Prompted by a tweet yesterday from Ella Wind, an editor at the great Arab commentary site Jadaliyya, I undertook the task of writing a very quick and dirty converter that takes Arabic or Persian text and converts it to the International Journal of Middle East Studies (IJMES) transliteration system (details here [PDF]). I’ve posted the actual converter here. It’s in very initial stages and I will discuss some of the difficulties of making it more robust below.
It’s nice that the IJMES has an agreed upon transliteration system; it makes academic work much more legible and minimizes quarrels about translation (hypothetically). For example, حسني مبارك (Hosni Mubarak) is transliterated as ḥusnī mubārak.
Transliterating, however, is a big pain. The transliterated characters are not in the ASCII character set [A-Za-z0-9] that is mostly used by English and other Western languages, and many of its characters are largely drawn from Unicode (e.g. ḥ). That means a lot of copy-pasta of individual Unicode characters from the character viewers in your OS or some text file that stores them.
When Ella posted the tweet, I thought that programming this would be a piece of cake. How hard would it be to write a character mapping and throw up a PHP interface? Well, it’s not that simple. There are a few problems with this.
1. Most Arabic writing does not include short vowels.
Arabic is a very precise language (I focus the rest of this article on Arabic because I don’t know much about Persian). There are no silent letters and vowels denote verb form and casing. But in most modern Arabic writing, short vowels are not written in because readers are expected to know them. For example, compare the opening of al-Faatiha in the Qu’ran with vowels:
بِسْمِ اللَّهِ الرَّحْمَٰنِ الرَّحِيمِ
to without them:
بسم الله الرحمن الرحيم
In the Qu’ran, all vowels are usually written. But this doesn’t occur in most modern books, signs, and especially newspaper and social media text.
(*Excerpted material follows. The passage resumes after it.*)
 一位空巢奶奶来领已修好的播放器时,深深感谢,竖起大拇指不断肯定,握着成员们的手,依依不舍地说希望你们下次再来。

So what does this mean for transliteration? Well, it means that you can’t transliterate words precisely unless the machine knows which word you’re going for. The average Arabic reader will know that بسم should be “bismi” and not “bsm.”
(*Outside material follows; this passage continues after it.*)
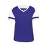 3.8 oz./yd_, 50/38/12 polyester/cotton/rayon triblend knit White/ Grey Heather is 4.7 oz./yd_ V-neck collar Set-in sleeves with angled...
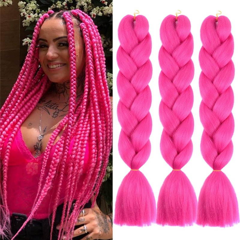 DOREN Jumbo Braiding Hair Extensions for Black Women Synthetic Crochet Braids Hair DIY Box Braids 100g/pc 3Packs/Lot(24Inch, A18 Rose Red)

I can suggest two solutions to this problem: either use a robust dictionary that can map words without vowels to their voweled equivalent, or have some kind of rule set that determines which vowels must be inserted into the word. The former seems eminently more plausible than the latter, but even so, given the rules of Arabic grammar, it would be necessary to do some kind of part-of-speech tagging to determine the case endings of words (if you really want to know more about this twisted system, other people have explained this much better than I can). Luckily, most of the time we don’t really care about case endings.
In any case, short vowels are probably the biggest impediment to a fully automated system. The good news is that short vowels are ASCII characters (a, i, u) and can be inserted by the reader.
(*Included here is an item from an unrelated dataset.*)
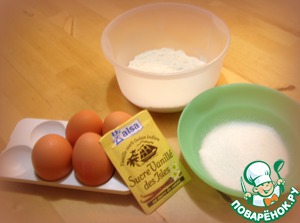 Подготовим ингредиенты для бисквита "женуаз". Мука, сахар, яйца.

2. It is not simple to determine whether certain letters (و and ي) should be long vowels or consonants.
The letters و (wāw) and ي (yā’) play double duty in Arabic. Sometimes they are long vowels and sometimes they are consonants. For instance, in حسني (ḥusnī), yā’ is a long vowel. But in سوريا (Syria, or Sūriyā), it is a consonant. There is probably some logic behind when one of these letters is a long vowel and when it is a consonant. But the point is that the logic isn’t immediately obvious.
3. Handling dipthongs, doubled letters, and reoccurring constructions.
Here, I am thinking of the definite article ال (al-), dipthongs like وَ (au), and the shaddah ّ which doubles letters. This means there probably has to be a look-ahead function to make sure that these are accounted for. Not the hardest thing to code in, but something to look out for nonetheless.
Those are the only things I can think of right now, although I imagine there are more lurking in the shadows that may jump out once one starts working on this. I may continue development on this, at least in an attempt to solve issues 2 and 3. Solving issue 1 is a task that will probably take some more thoughtful consideration.